• [What to work on] Set down all of the data that follows word for word, without the images.
----
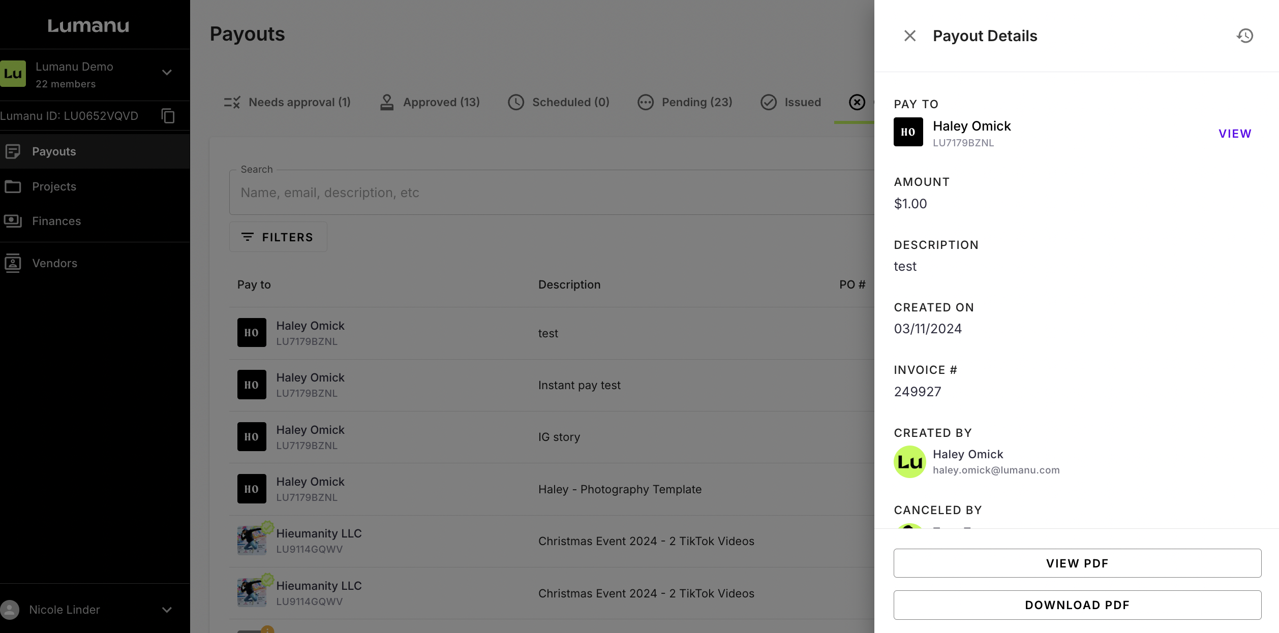 Lumanu's Canceled tab is a historical log of every invoice that's been canceled for any reason within your workspace.
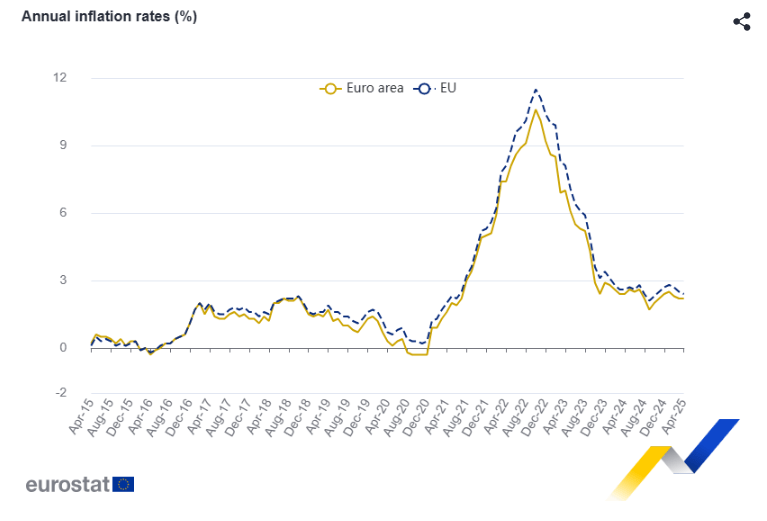 Eurostat tarafından yayımlanan son verilere göre, Avrupa Bölgesi yıllık enflasyon oranı Nisan 2025’te %2,2 seviyesinde sabit kaldı. Bu oran, Mart 2025’le aynı seviyede olup, bir yıl önceki %2,4’lük orana kıyasla hafif bir düşüşe işaret ediyor.
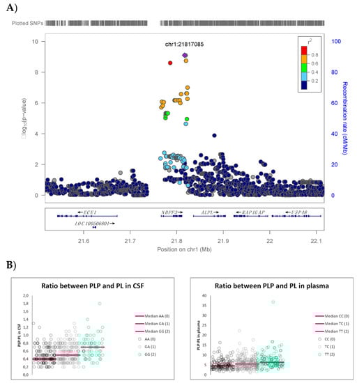 Regional association plot for the genome-wide significant locus for the ratio between PLP and PL on chromosome 1 (A) and scatterplots of the relation between genotype and measured PLP:PL in CSF (left) and plasma (right) (B).
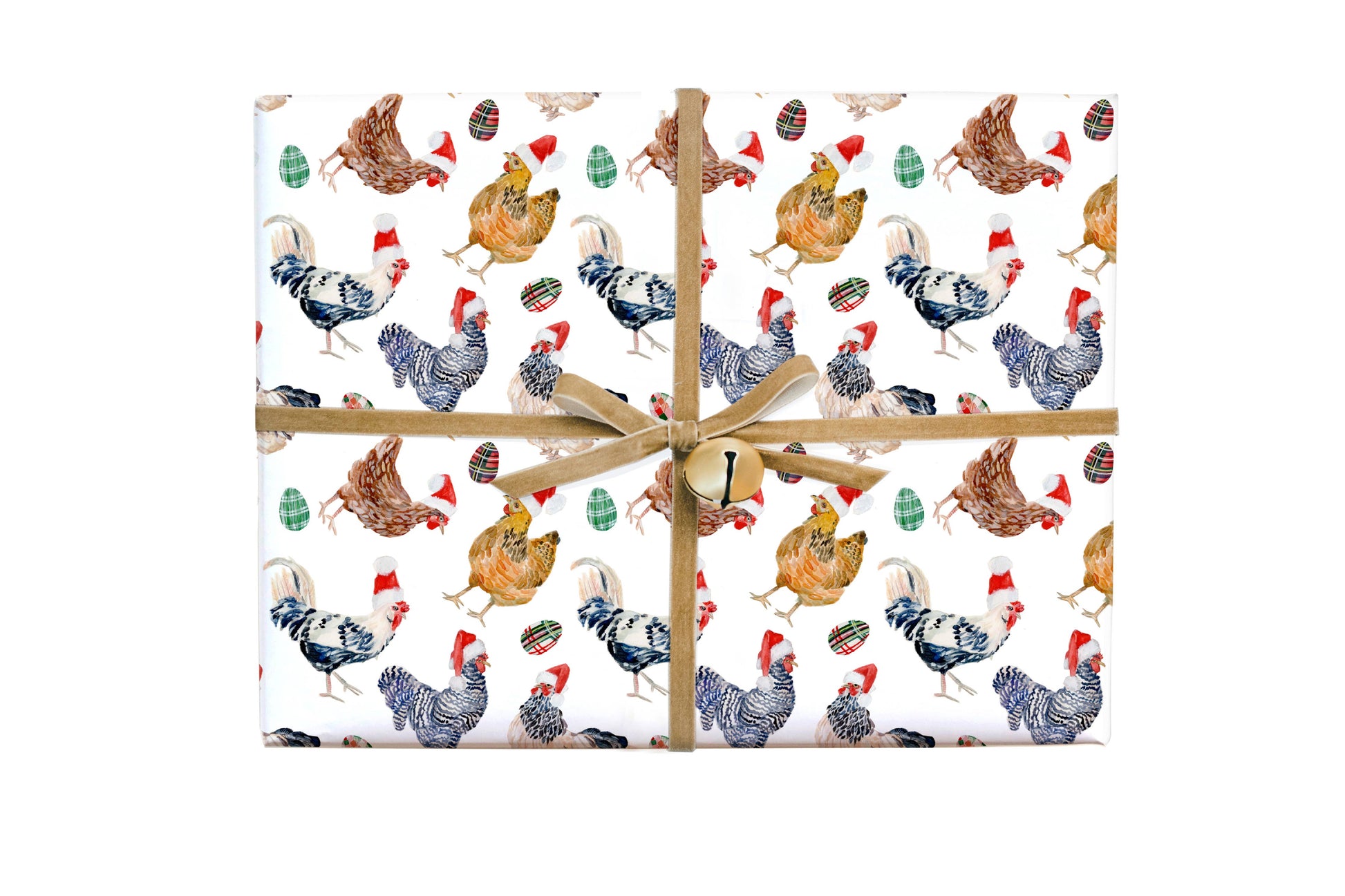 Christmas Chickens in Santa Hats Single Sheet Gift Wrap
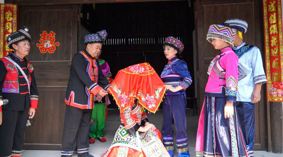 Photo shows a traditional Tujia ethnic group wedding ceremony at the Nv’erhui Festival in Baiyangping Town, Enshi Tujia and Miao Autonomous Prefecture, central China''s Hubei Province, Aug. 29, 2020. (People’s Daily Onilne/Zeng Zhiqiang)
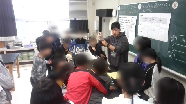 理科の学習でした。「物が燃えると、酸素はどうなってしまうのだろう」という問題に取り組んでいました。班で話し合ったことを発表しあい、全体で予想を立てました。先生の例示実験で手順や注意点などを確認した後、瓶の中でろうそくをに火をつけ、火をつける前と後の瓶内の気体の変化を調べる実験をしていました。
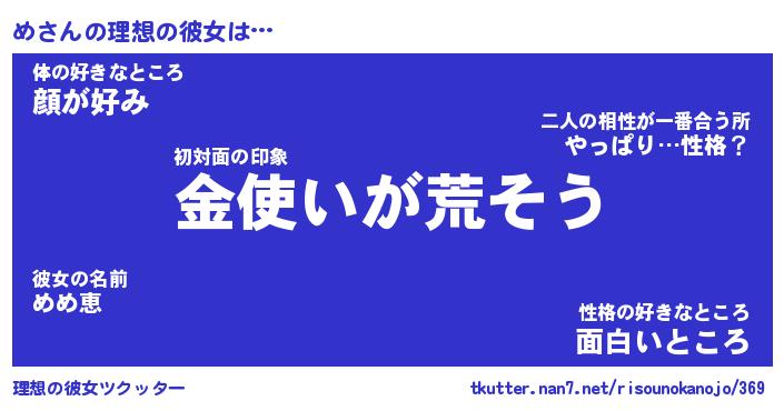 | ヘコむあだ名 | 『めっふぃ~』『つくし』『めっぺ』 |
----
• [Worked solution]
 Lumanu's Canceled tab is a historical log of every invoice that's been canceled for any reason within your workspace.
 Eurostat tarafından yayımlanan son verilere göre, Avrupa Bölgesi yıllık enflasyon oranı Nisan 2025’te %2,2 seviyesinde sabit kaldı. Bu oran, Mart 2025’le aynı seviyede olup, bir yıl önceki %2,4’lük orana kıyasla hafif bir düşüşe işaret ediyor.
 Regional association plot for the genome-wide significant locus for the ratio between PLP and PL on chromosome 1 (A) and scatterplots of the relation between genotype and measured PLP:PL in CSF (left) and plasma (right) (B).
 Christmas Chickens in Santa Hats Single Sheet Gift Wrap
 Photo shows a traditional Tujia ethnic group wedding ceremony at the Nv’erhui Festival in Baiyangping Town, Enshi Tujia and Miao Autonomous Prefecture, central China''s Hubei Province, Aug. 29, 2020. (People’s Daily Onilne/Zeng Zhiqiang)
 理科の学習でした。「物が燃えると、酸素はどうなってしまうのだろう」という問題に取り組んでいました。班で話し合ったことを発表しあい、全体で予想を立てました。先生の例示実験で手順や注意点などを確認した後、瓶の中でろうそくをに火をつけ、火をつける前と後の瓶内の気体の変化を調べる実験をしていました。
 | ヘコむあだ名 | 『めっふぃ~』『つくし』『めっぺ』 |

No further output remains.